A tenant applying to a landlord for consent to assign its lease or to sub-let is an everyday occurrence in the commercial world, but a recent High Court decision acts as a reminder to landlords that they must deal with such applications promptly.

In this case (Design Progression v Thurloe Properties) the tenant of a shop in Fulham Road, London found a company that wanted to take an assignment of its lease and who was prepared to pay £75,000 to do so. The tenant applied to the landlord for consent to the assignment of the lease and supplied information about the prospective assignee so that the landlord could decide whether to accept the covenant of the assignee. The landlord continued to ask for increasingly irrelevant information about the assignee and no consent to (or refusal of) the assignment was ever forthcoming. The incoming tenant got fed up waiting and took alternative premises. The existing tenant, who had vacated the shop ready for the new tenant, moved back into the premises in order to mitigate its loss, and had to continue paying the rent under the lease.

The tenant sued the landlord for failing to respond to its application within a reasonable time as the landlord was bound to do under the Landlord and Tenant Act 1988. The Court found that the landlord was in breach of its statutory duty because it had all the information it needed to make a decision whether to grant licence to assign, but it had not communicated a decision to the tenant. The landlord was liable to the tenant in damages to compensate the tenant for the loss of the premium it would have received from the assignee, loss of profit and the rent for the period it was not occupying the premises, and the cost of moving back into the shop. This amounted to £135,000.

It also became clear that, in this particular case, the landlord had operated in a deliberately obstructive and cynical way in order to frustrate the proposed assignment. The landlord was hoping to negotiate a surrender from the tenant at a nil premium and then to re-let the property, but at a significantly higher rent. This was a clear abuse of the procedures under the 1988 Act and to mark the Court's disapproval of the landlord's actions it awarded the tenant a further £25,000 in exemplary damages.

Comment

This is believed to be the first time that exemplary damages have been awarded against a commercial landlord in a situation such as this. The landlord's delaying tactics cost it over £160,000. When a landlord receives an application from a tenant for consent to assign or sub-let it must give the tenant written notice of its decision whether or not to give consent (together with any reasons if the consent is withheld) within a reasonable timeframe.

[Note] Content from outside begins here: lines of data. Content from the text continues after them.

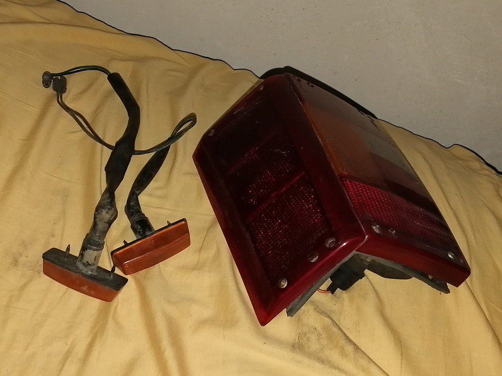 Z doby, kdy jsem měl VM-ko, jsem v garáži na dně sušil pár pokladů. Světla mají nějaké drobnější vady. Sloupek řízení je naprostém pořádku a ve stejné barvě mám ještě hezký kryt pojistek. Nejraději bych se zbavil všeho najednou, ale počkám na nějaké nabídky.
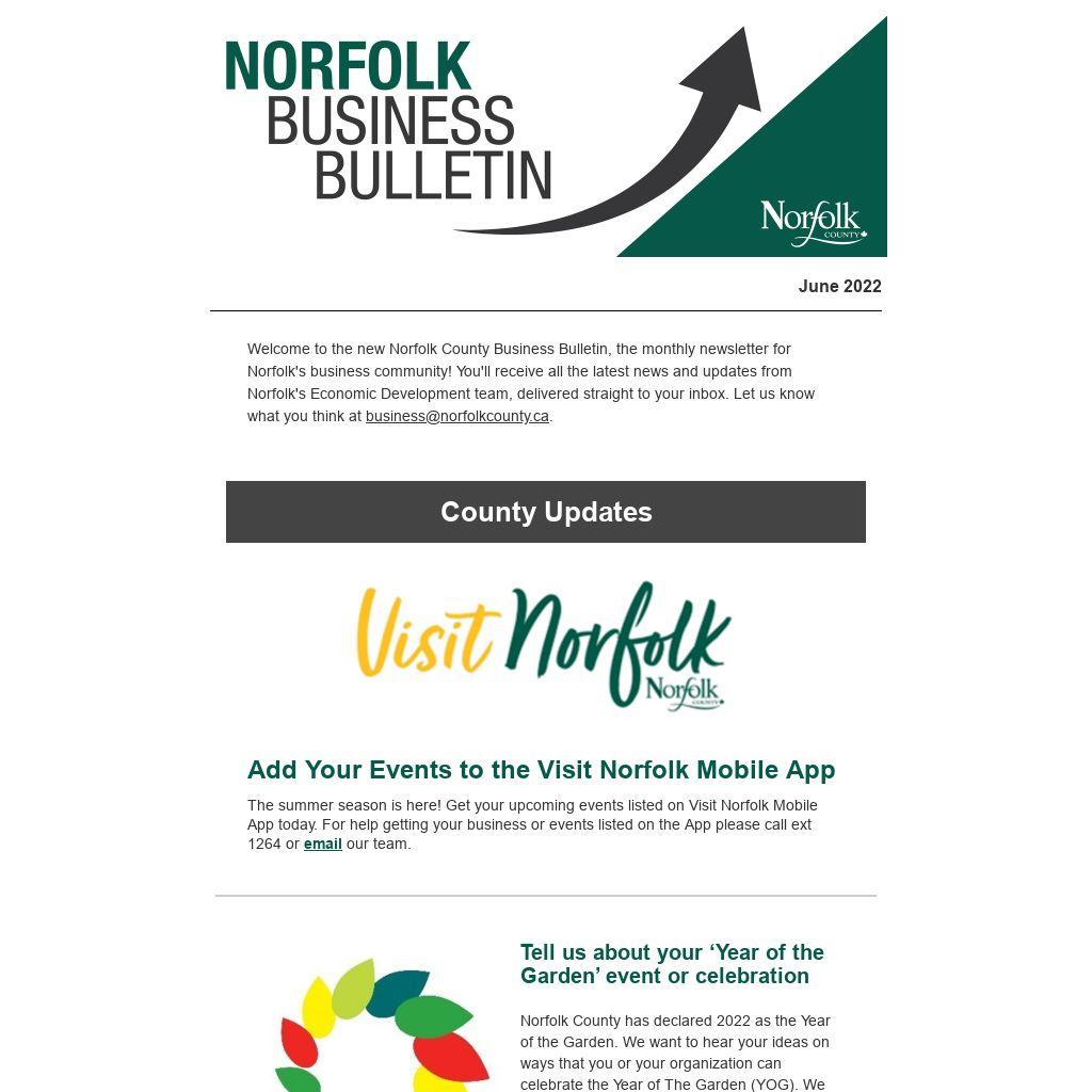 Welcome to the new Norfolk County Business Bulletin, the monthly newsletter for Norfolk's business community! You'll receive all the latest news and updates from Norfolk's Economic Development team, delivered straight to your inbox. Let us know what you think at business@norfolkcounty.ca.
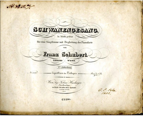 Schubert/Liszt 2 songs (Liebesbotschaft and Erlkonig). Liebesbotschaft (Message of love, the singer invites a stream to convey a message to his beloved.) is the first lied from Schwanengesang a collection of songs written at the end of his life and published posthumously. –
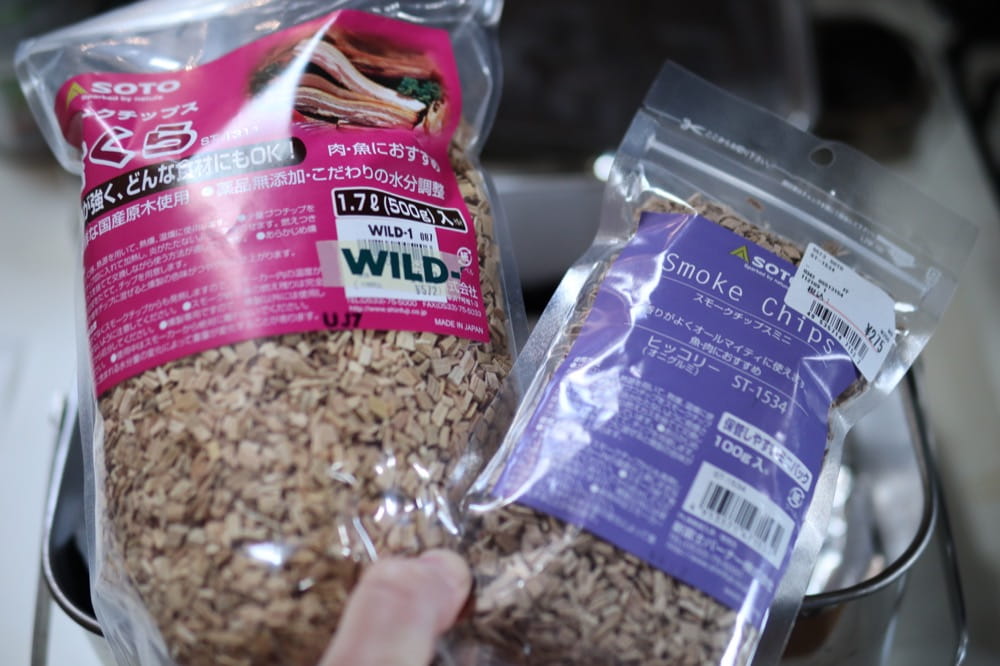 普段はもっともスタンダードなSOTO製の桜チップ(左)を使用しています。癖がない香りでどんな食材ともよくマッチします。
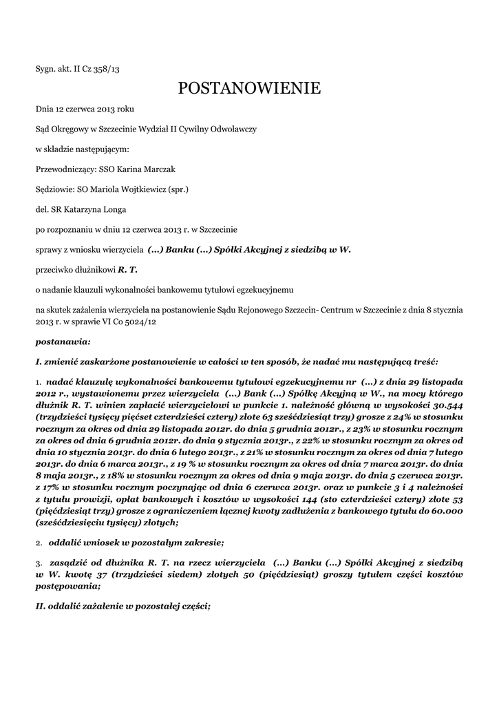 Sygn. akt. II Cz 358/13 POSTANOWIENIE Dnia 12 czerwca 2013 roku Sąd Okręgowy w Szczecinie Wydział II Cywilny Odwoławczy w składzie następującym: Przewodniczący: SSO Karina Marczak Sędziowie: SO Mariola Wojtkiewicz (spr.) del. SR Katarzyna Longa po rozpoznaniu w dniu 12 czerwca 2013 r. w Szczecinie sprawy z wniosku wierzyciela (...) Banku (...) Spółki Akcyjnej z siedzibą w W. przeciwko dłużnikowi R. T. o nadanie klauzuli wykonalności bankowemu tytułowi egzekucyjnemu na skutek zażalenia wierzyciela na postanowienie Sądu Rejonowego Szczecin- Centrum w Szczecinie z dnia 8 stycznia 2013 r. w sprawie VI Co 5024/12 postanawia: I. zmienić zaskarżone postanowienie w całości w ten sposób, że nadać mu następującą treść: 1. nadać klauzulę wykonalności bankowemu tytułowi egzekucyjnemu nr (...) z dnia 29 listopada 2012 r., wystawionemu przez wierzyciela (...) Bank (...) Spółkę Akcyjną w W., na mocy którego dłużnik R. T. winien zapłacić wierzycielowi w punkcie 1. należność główną w wysokości 30.544 (trzydzieści tysięcy pięćset czterdzieści cztery) złote 63 sześćdziesiąt trzy) grosze z 24% w stosunku rocznym za okres od dnia 29 listopada 2012r. do dnia 5 grudnia 2012r., z 23% w stosunku rocznym za okres od dnia 6 grudnia 2012r. do dnia 9 stycznia 2013r., z 22% w stosunku rocznym za okres od dnia 10 stycznia 2013r. do dnia 6 lutego 2013r., z 21% w stosunku rocznym za okres od dnia 7 lutego 2013r. do dnia 6 marca 2013r., z 19 % w stosunku rocznym za okres od dnia 7 marca 2013r. do dnia 8 maja 2013r., z 18% w stosunku rocznym za okres od dnia 9 maja 2013r. do dnia 5 czerwca 2013r. z 17% w stosunku rocznym poczynając od dnia 6 czerwca 2013r. oraz w punkcie 3 i 4 należności z tytułu prowizji, opłat bankowych i kosztów w wysokości 144 (sto czterdzieści cztery) złote 53 (pięćdziesiąt trzy) grosze z ograniczeniem łącznej kwoty zadłużenia z bankowego tytułu do 60.000 (sześćdziesięciu tysięcy) złotych; 2. oddalić wniosek w pozostałym zakresie; 3. zasądzić od dłużnika R. T. na rzecz wierzyciela (...) Banku (...) Spółki Akcyjnej z siedzibą w W. kwotę 37 (trzydzieści siedem) złotych 50 (pięćdziesiąt) groszy tytułem części kosztów postępowania; II. oddalić zażalenie w pozostałej części; III. zasądzić od dłużnika R. T. na rzecz wierzyciela (...) Banku (...) Spółki Akcyjnej z siedzibą w W. kwotę 22 (dwadzieścia dwa) złote 50 (pięćdziesiąt) groszy tytułem części kosztów postępowania zażaleniowego. SSR Katarzyna Longa SSO Karina Marczak SSO Mariola Wojtkiewicz Sygn. akt II Cz 358/13 UZASADNIENIE: Postanowieniem z dnia 8 stycznia 2013 r. Sąd Rejonowy Szczecin- Centrum w Szczecinie (sygn. akt VI Co 5024/12) oddalił wniosek wierzyciela o nadanie klauzuli wykonalności bankowemu tytułowi egzekucyjnemu. Zdaniem sądu bankowy tytuł egzekucyjny nie spełnia warunków określonych w przepisach art. 96 ust. 1 i 2 i art. 97 ust. 1 i 2 ustawy prawo bankowe. Przesłanką niezbędną do uwzględnienia wniosku w niniejszej sprawie było bowiem stwierdzenie, iż wierzyciel wystąpił o nadanie klauzuli wykonalności bankowemu tytułowi egzekucyjnemu w terminie oznaczonym w pisemnym oświadczeniu dłużnika o poddaniu się egzekucji. W załączonym do wniosku bankowym tytule egzekucyjnym wierzyciel wskazał, iż roszczenia banku wobec dłużnika R. T. wynikają z umowy o wydanie i używanie karty kredytowej (...) S.A. nr (...) z dnia 27 kwietnia 2010 roku. Równocześnie wierzyciel przedłożył ww. umowę wraz z oświadczeniem dłużnika o poddaniu się egzekucji, w którym dłużnik oświadczył, iż bank będzie mógł wystąpić z wnioskiem o nadanie klauzuli wykonalności bankowemu tytułowi egzekucyjnemu w terminie 2 lat od dnia rozwiązania umowy. Wnioskodawca nie przedstawił zaś żadnej dokumentacji, która zaświadczyłaby o tym, kiedy doszło do rozpoczęcia wymagalności zadłużenia. Przedmiotową umowę zawarto w dniu 27 kwietnia 2010 roku, a zatem termin 2 lat liczony od daty, w której najwcześniej dojść mogło do rozwiązania umowy, upłynął z dniem 27 kwietnia 2012 roku. Mając to uwadze sąd wniosek wierzyciela oddalił. Zażalenie na postanowienie sądu złożył wierzyciel i zaskarżając je w całości wniósł o jego uchylenie i nadanie klauzuli wykonalności bankowemu tytułowi egzekucyjnemu zgodnie z wnioskiem z dnia 29 listopada 2012 r. W uzasadnieniu podał, że istotnie nie dołączył do wniosku o nadanie bankowemu tytułowi egzekucyjnemu dowodu odbioru wypowiedzenia umowy nr (...) z dnia 27 kwietnia 2010 r. Do zażalenia dołączył dowód nadania i podjęcia przez dłużnika wypowiedzenia umowy wskazując, iż termin wypowiedzenia upłynął w dniu 12 stycznia 2011 r. Sąd Okręgowy zważył, co następuje: Zażalenie doprowadziło do zmiany zaskarżonego postanowienia. Sąd Okręgowy jest sądem merytorycznym, orzeka na podstawie dokumentów znajdujących się w aktach sprawy, złożonych nawet z zażaleniem. Jeżeli zatem do zażalenia wierzyciel przedstawił dowód wypowiedzenia umowy, dokument, z którego brakiem Sąd Rejonowy wiązał oddalenie wniosku, Sąd Okręgowy miał obowiązek ocenić ten dowód, a w sytuacji gdy wykazywał przesłankę, uznaną wcześniej za nie wykazaną, przystąpić do analizy pozostałych podstaw warunkujących nadanie bankowemu tytułowi egzekucyjnemu klauzuli wykonalności. Postępowanie o nadanie klauzuli wykonalności ma charakter postępowania uproszczonego i formalnego. W jego ramach Sąd dokonuje jedynie oceny czy dłużnik poddał się egzekucji oraz czy roszczenie objęte tytułem wynika z czynności bankowej, jak również czy dłużnik dokonał tej czynności bezpośrednio z bankiem oraz czy roszczenie wynika z zabezpieczenia wierzytelności banku wynikającej z tej czynności. Tym samym badanie Sądu ogranicza się wyłącznie do oceny czy wystawienie bankowego tytułu egzekucyjnego odbyło się zgodnie z przepisami art. 96-98

What constitutes a reasonable timeframe will depend upon the facts. However, in another recent case the Court held that once a landlord had received all the information necessary for it to make a decision, it should have communicated that decision within one week. The Court also pointed out that if the landlord requires further information to enable it to properly consider a tenant's application, it must not delay in requesting it.

So, if you are a landlord and you receive an application from a tenant for consent to an assignment or a sub-letting, you must deal with the request promptly and decisively. To do otherwise could leave you open to a claim from the tenant for damages and this could cost you dearly.